Guy (;  born c. 1012) was the duke of Sorrento from 1035, the brother of Guaimar IV of Salerno, father-in-law of William Iron Arm and William of the Principate, and brother-in-law of Humphrey of Hauteville. He was the son of Guaimar III and Gaitelgrima. Guy's place in history is secured primarily through his relations (by blood and marriage), though his own actions were not inconsequential. According to John Julius Norwich, he was a "selfless" prince, exhibiting a "moral sense rare for [his] time and position." 

His brother conquered Sorrento in 1035 and bestowed it on him as a duchy. He was a constant supporter of his brother and the Normans during the former's reign and he counted the mercenaries as allies when, upon the assassination of Guaimar, his family, including his nephew, the Salernitan heir, was rounded up by the assassins and imprisoned, he being the only one to escape. He quickly flew to the Normans of Melfi, whom he paid highly for aid. He brought them back with his own Sorrentine army to besiege Salerno, wherein the conspirators had fortified themselves. Guy had soon captured all of the conspirators' families and had negotiated the release of his nephew, Gisulf. Guy accepted their surrender soon after and promised them no harm. The Normans, not bound, they said, by Guy's oath, massacred the four brothers and 36 others, one for each stab wound found in Guaimar's body. Guy enthroned his nephew and he and his Normans, who would have preferred Guy as prince, did immediate homage to him. Nevertheless, Gisulf was thankless to his Norman vassals and grew to be a piratical neighbour to all in Southern Italy. His principality was constantly picked away and he ignored the advice of his uncle Guy counselling moderation. 
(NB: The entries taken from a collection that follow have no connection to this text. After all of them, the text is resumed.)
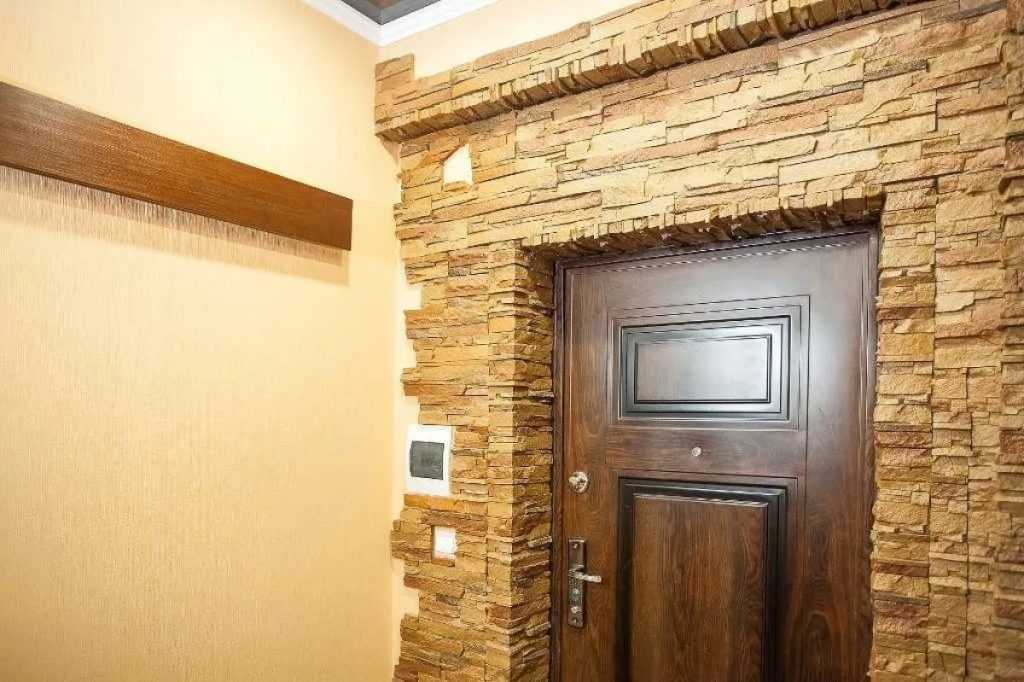 Взаимодополняемость. Камень отлично вписывается в другой стиль облицовки стены. Размещение пластин на небольшом фрагменте поверхности рядом с дверями создает оригинальный вид. Если оформление двери происходит в коридоре, то плавный переход пластин к мебели в виде обычной полоски будет прекрасным сочетанием
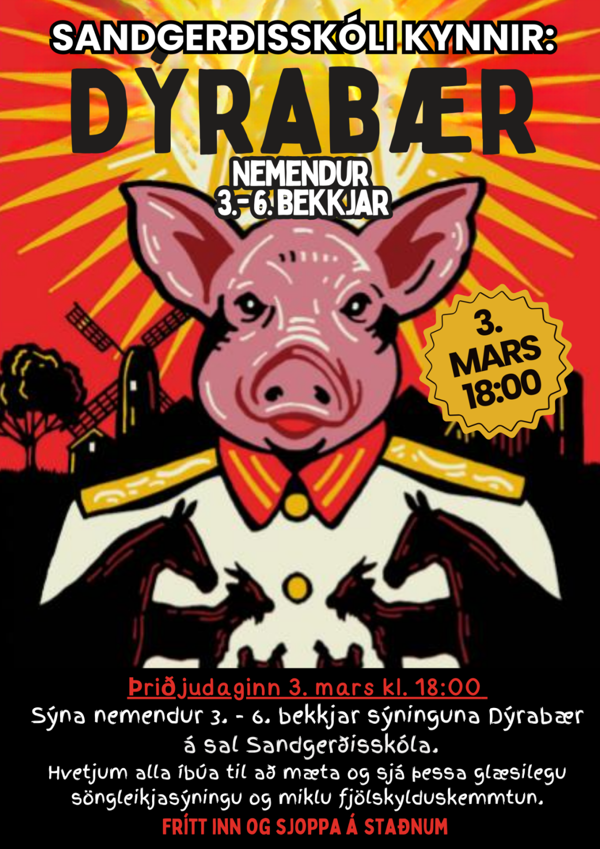 Árshátíð 3. - 6. bekkjar verður þriðjudaginn 3. mars og hefst kl.18:00 og ber heitið ,,Dýrabær". Handritið er byggt á sögu George Orwell - Animal farm, en handritshöfundur er Íris Valsdóttir og er leikritið söngleikur með íslenskum dægurlögum.
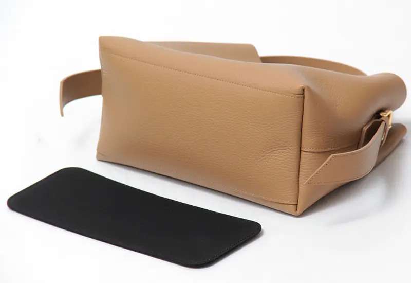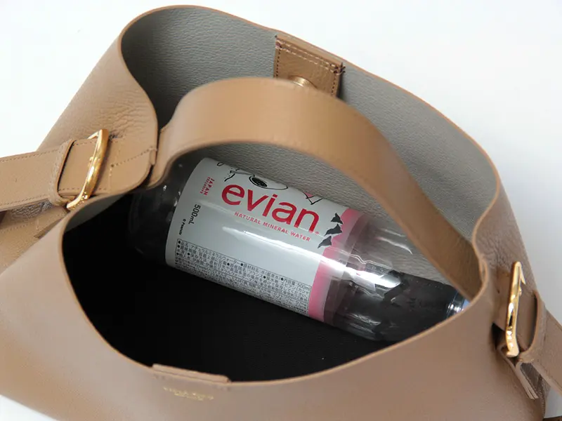 開口部はマグネット仕様で、荷物の出し入れもスムーズです。長財布、手帳、500mlペットボトルが横向きにしっかり収まる収納力を備えつつ、底板があることで重い荷物を入れても型崩れしにくい設計。安定感のある使い心地を叶えました。
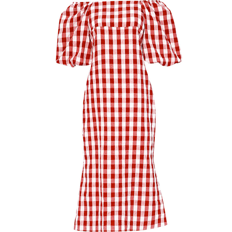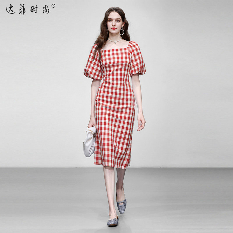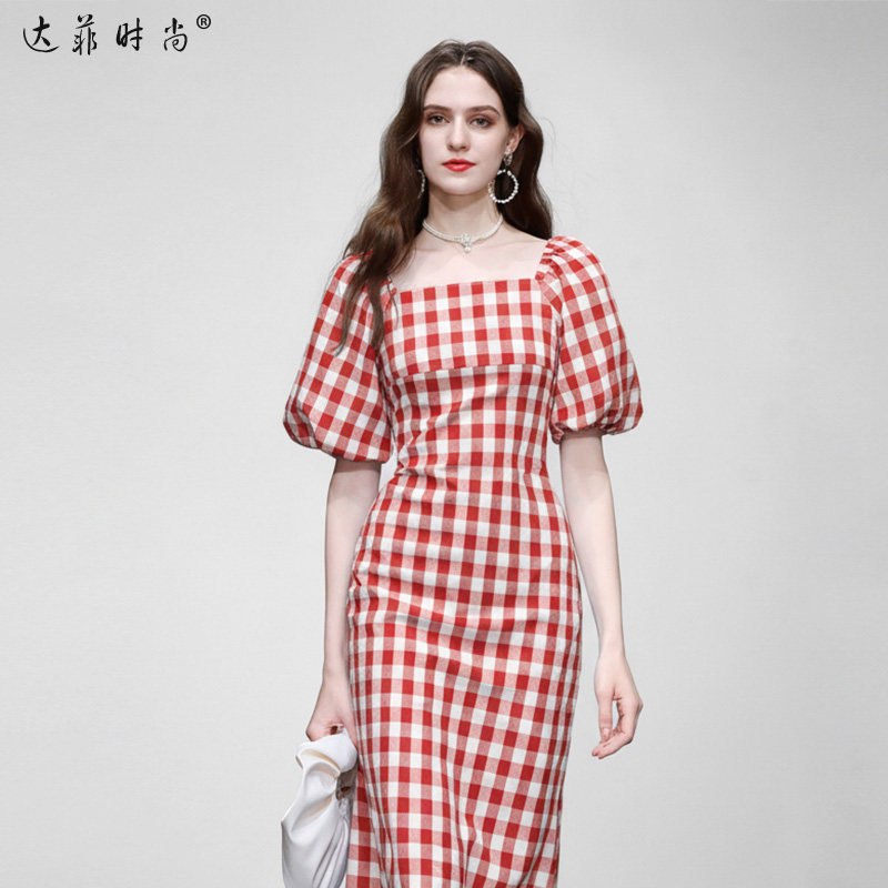 夏季女装2026新款甜美减龄红白格纹泡泡袖修身收腰显瘦连衣裙长裙
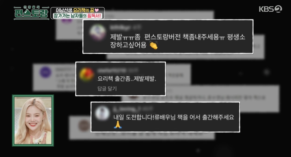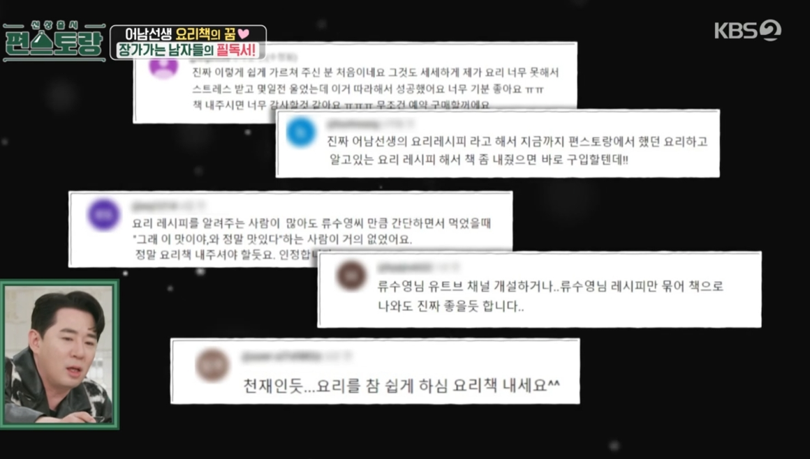 이를 계기로 '1가구 1수영 보급 시급'이라는 말이 생길 정도로 많은 여성 시청자들에게 큰 지지를 받고 있어요. 류수영님은 요리를 통해 남편분들도 부엌에 들어와 요리를 할 수 있도록 독려하고 있어요. 류수영님이 출연한 '편스토랑'에서는 그의 요리가 신상으로 출시되기도 했어요. 19대 치치닭, 26대 또치닭, 30대 참간초면, 31대 허니연유떡볶이, 35대 사치닭, 40대 마치닭, 44대 로제부대찌개 등이 편의점과 온라인 마켓에서 판매되었어요.
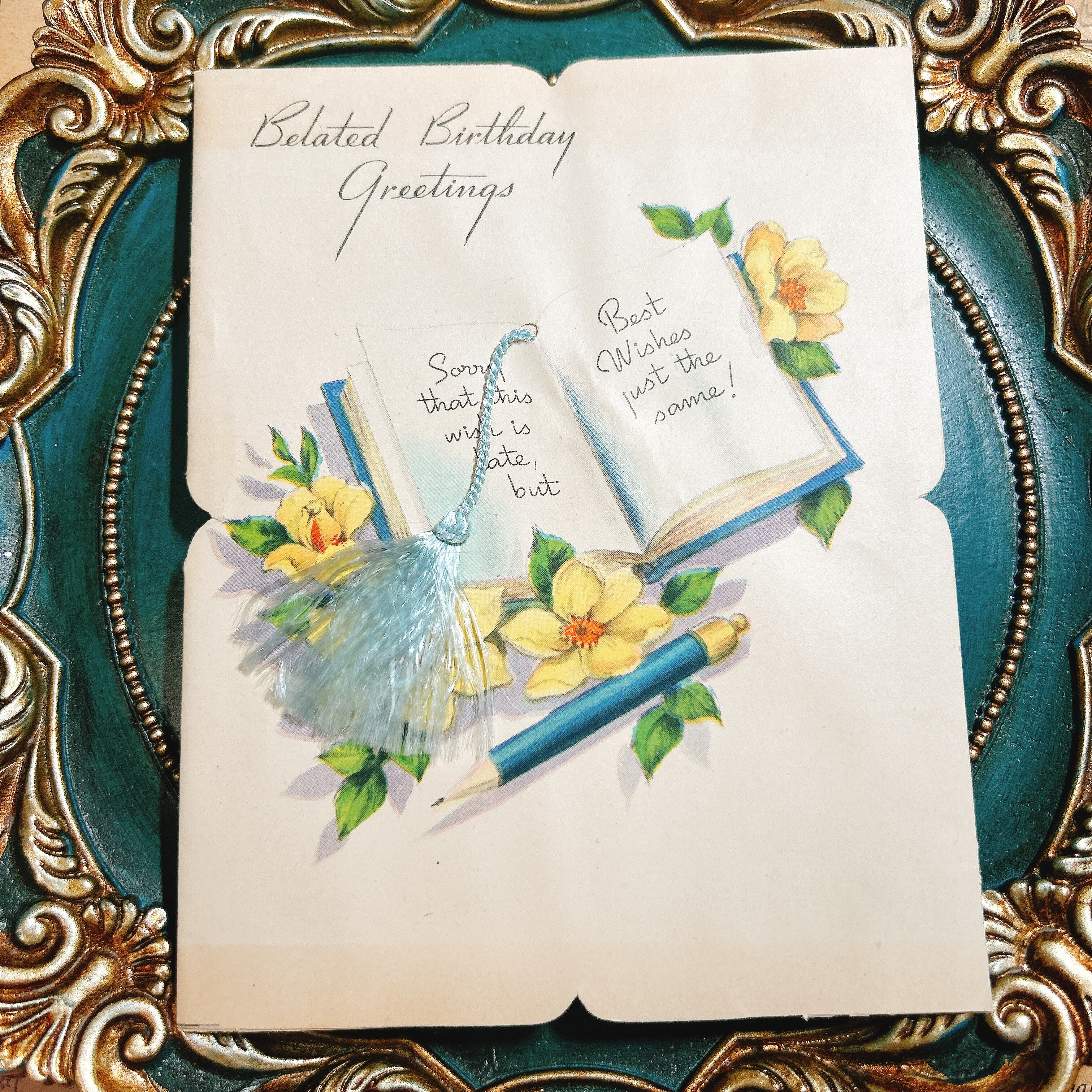こちらは遅れてしまった誕生日を祝うために贈られたヴィンテージのバースデーカードです。表紙には黄色の花とブルーのタッセルが立体的にあしらわれ、開かれた本とペンのイラストが描かれています。本のページには「Sorry that this wish is late, but」「Best Wishes just the same!」と記され、遅れても変わらない祝福の気持ちが伝わるデザインになっています。タッセルが付いた装飾は特別感を演出し、当時のカードらしい繊細な仕上がりです。
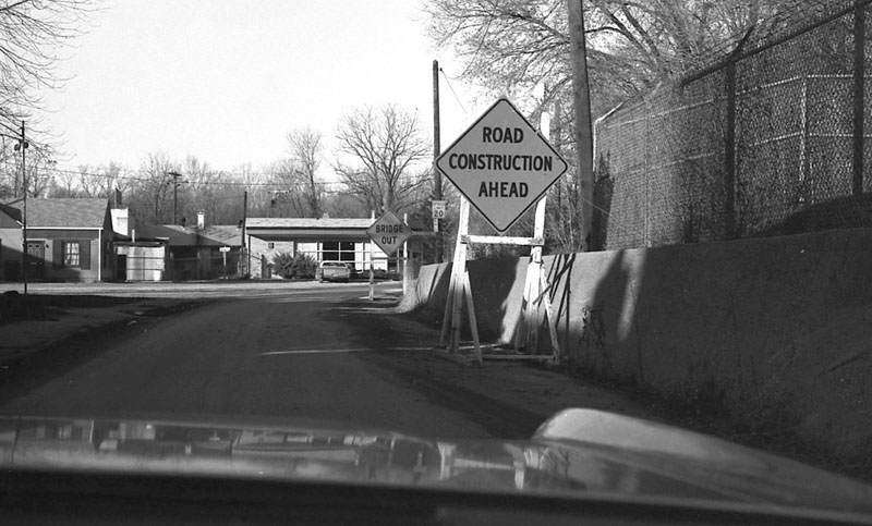 North on Westfield. Bridge Out sign.
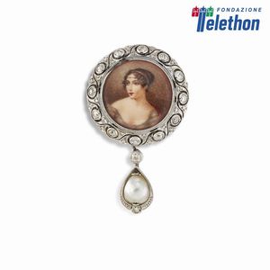 SPILLA CON MINIATURA in oro bianco 18kt e argento, di forma circolare, con al centro una miniatura in smalto [..]

Guy remained forever loyal to the Hauteville leadership, however. In 1073, he captured the rebel Herman, his own nephew, and handed him over to Robert Guiscard, his nephew-in-law. Guy died amidst the breakup of the great principality his brother had forged and he had preserved. With his death, Sorrento became independent once more.

Issue
His children were:
 Guida, wife of William Iron Arm,
 Maria, wife of William of the Principate.